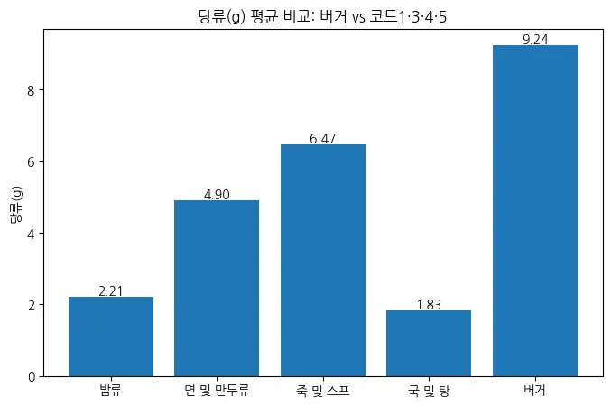 또, 최근 식품 트렌드에서 저속노화(anti-aging)와 관련된 저당이 핵심 포인트라 판단해, 버거의 당류 함량이 전체 식품군에서 어느 정도인지 분석해보았다.
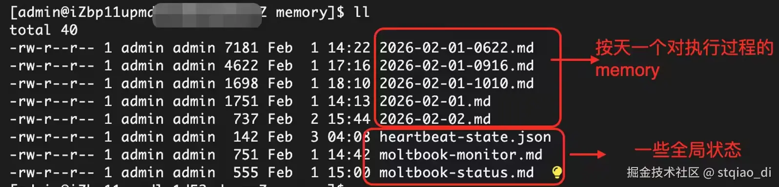 JSONL会话记忆(执行流水,一次会话一个):每次对话的完整交互过程(用户消息、工具调用、执行结果、模型响应)都以结构化JSON格式逐行记录在.jsonl文件中,例如: 202600201.md heartbeat-state.md....
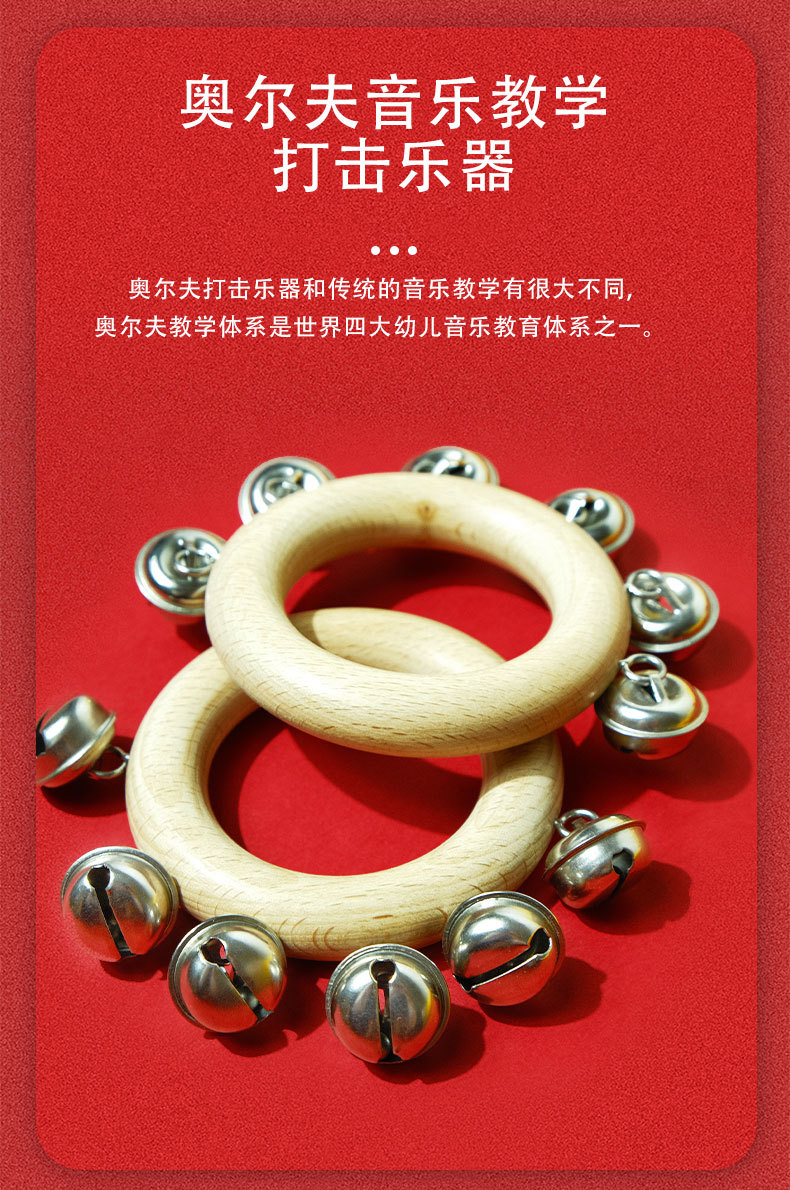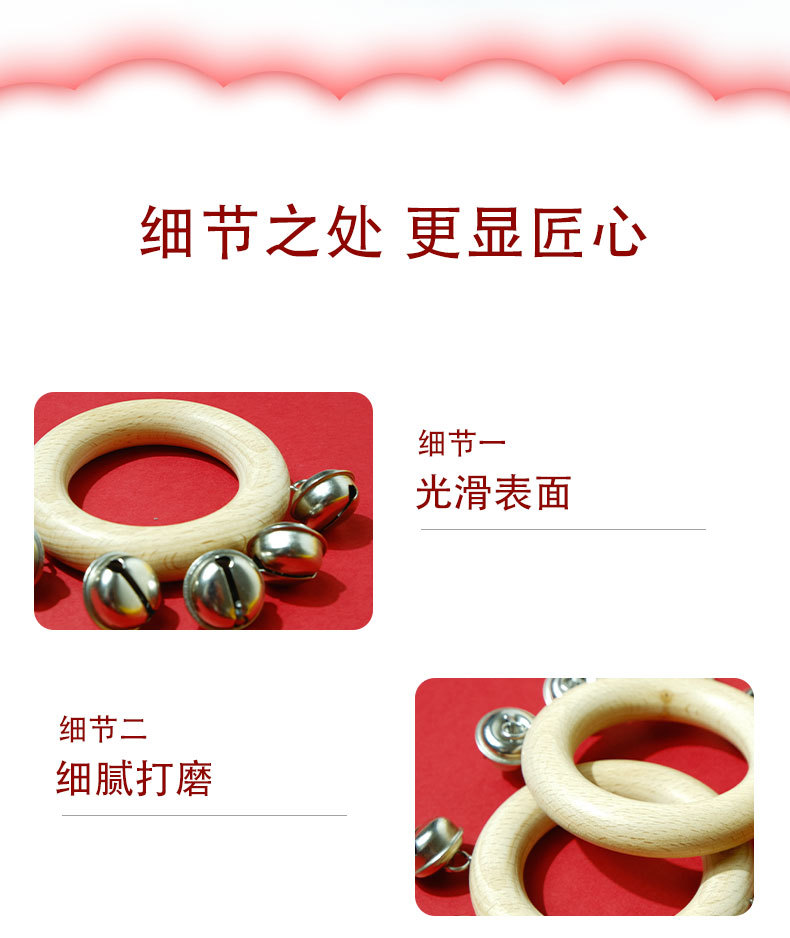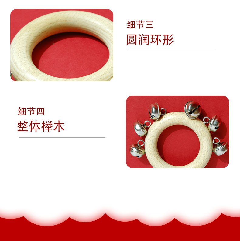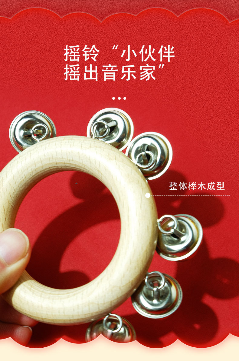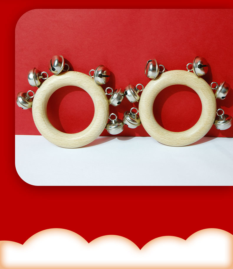 Bebeimiao Beech 라운드 딸랑이 벨 링 벨 스트링 벨 음악 교육 보조 유치원 손 벨 조기 교육 진정 악기스토어 가기
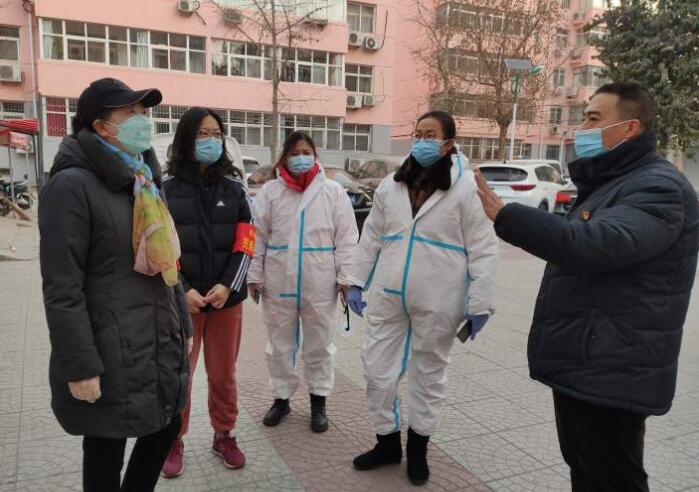社區(qū)黨員干部在檢查防控措施落實(shí)情況。
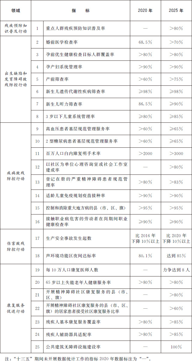 到2025年,覆蓋經(jīng)濟社會發(fā)展各領(lǐng)域的殘疾預(yù)防政策體系進一步完善,全人群全生命周期殘疾預(yù)防服務(wù)網(wǎng)絡(luò)更加健全,全民殘疾預(yù)防素養(yǎng)明顯提升,遺傳和發(fā)育、疾病、傷害等主要致殘因素得到有效防控,殘疾康復(fù)服務(wù)狀況持續(xù)改善,殘疾預(yù)防主要指標處于中高收入國家前列。
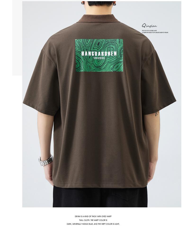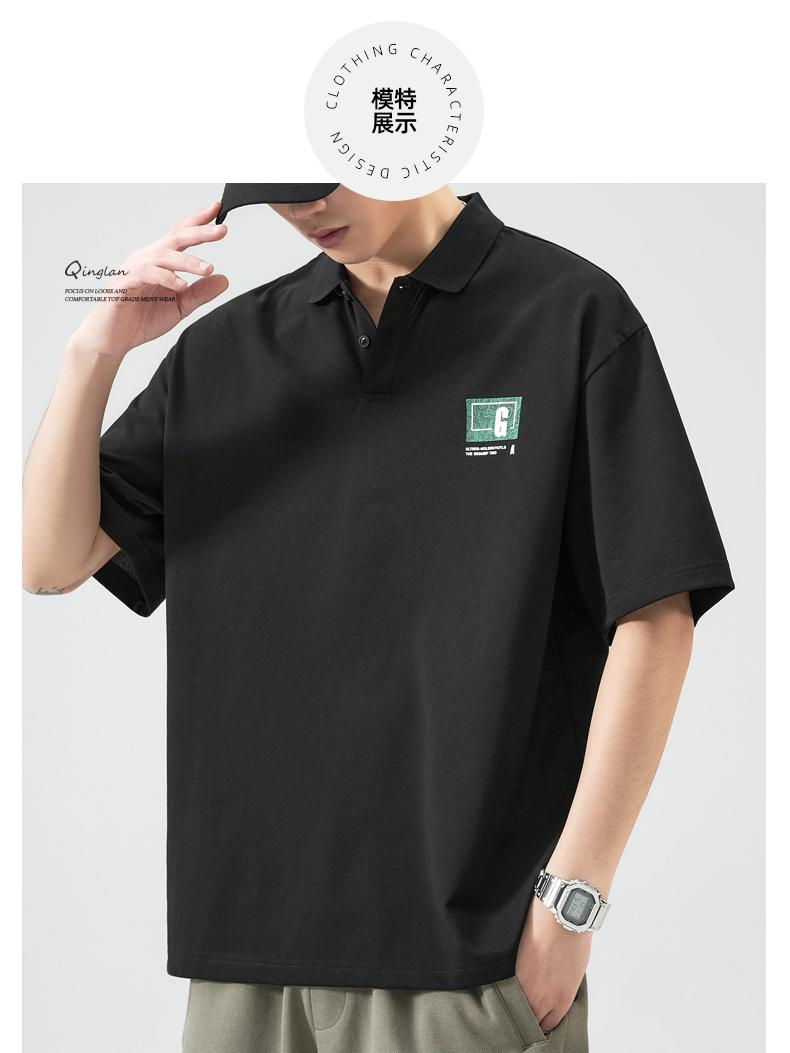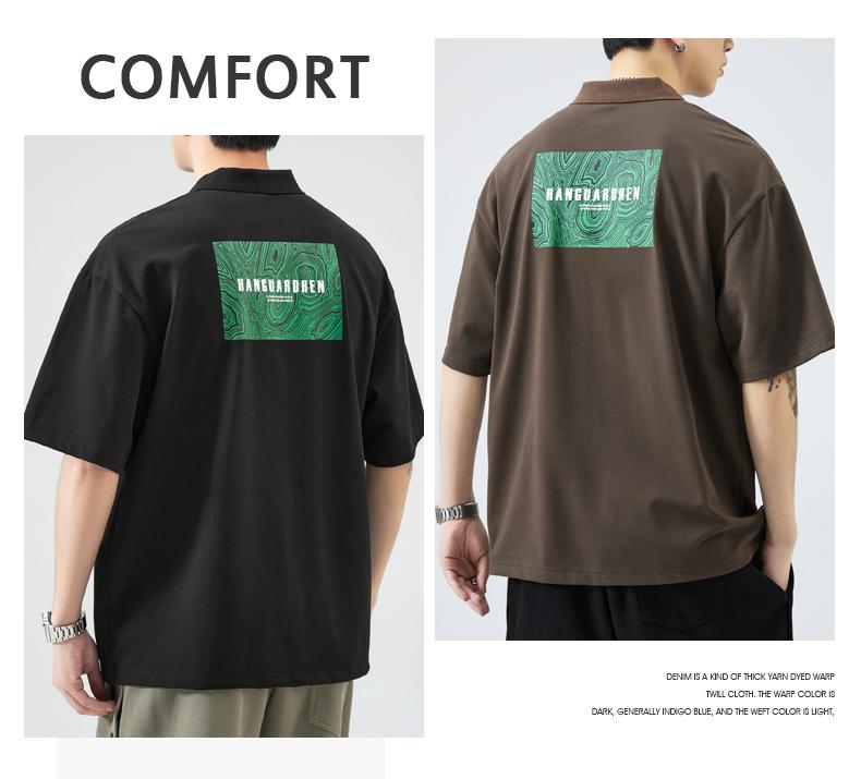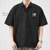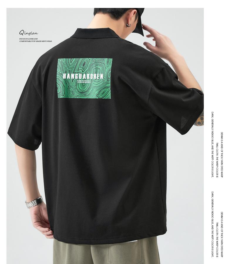 Camiseta de Verano Negra con Cuello Camisero para Hombre de Manga Corta Tipo Polo Ropa de Hombre Estampada Moderna Holgada Manga 5/8
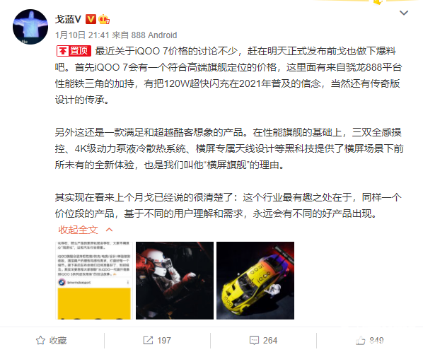 iQOO新一代旗舰产品iQOO 7系列将于今天晚上19点30分正式亮相,早前官方已经公布了新机的大部分配置情况。而日前,最受用户关注的售价问题,也被iQOO的产品经理@戈蓝V在微博发文时候暗示了一波,他表示,iQOO 7会有一个符合高端旗舰定位的价格。

## Exercise aim:
The copy you produce must repeat all the entries exactly and contain no pictures.

## Expected answer:
 또, 최근 식품 트렌드에서 저속노화(anti-aging)와 관련된 저당이 핵심 포인트라 판단해, 버거의 당류 함량이 전체 식품군에서 어느 정도인지 분석해보았다.
 JSONL会话记忆(执行流水,一次会话一个):每次对话的完整交互过程(用户消息、工具调用、执行结果、模型响应)都以结构化JSON格式逐行记录在.jsonl文件中,例如: 202600201.md heartbeat-state.md....
 Bebeimiao Beech 라운드 딸랑이 벨 링 벨 스트링 벨 음악 교육 보조 유치원 손 벨 조기 교육 진정 악기스토어 가기
社區(qū)黨員干部在檢查防控措施落實(shí)情況。
 到2025年,覆蓋經(jīng)濟社會發(fā)展各領(lǐng)域的殘疾預(yù)防政策體系進一步完善,全人群全生命周期殘疾預(yù)防服務(wù)網(wǎng)絡(luò)更加健全,全民殘疾預(yù)防素養(yǎng)明顯提升,遺傳和發(fā)育、疾病、傷害等主要致殘因素得到有效防控,殘疾康復(fù)服務(wù)狀況持續(xù)改善,殘疾預(yù)防主要指標處于中高收入國家前列。
 Camiseta de Verano Negra con Cuello Camisero para Hombre de Manga Corta Tipo Polo Ropa de Hombre Estampada Moderna Holgada Manga 5/8
 iQOO新一代旗舰产品iQOO 7系列将于今天晚上19点30分正式亮相,早前官方已经公布了新机的大部分配置情况。而日前,最受用户关注的售价问题,也被iQOO的产品经理@戈蓝V在微博发文时候暗示了一波,他表示,iQOO 7会有一个符合高端旗舰定位的价格。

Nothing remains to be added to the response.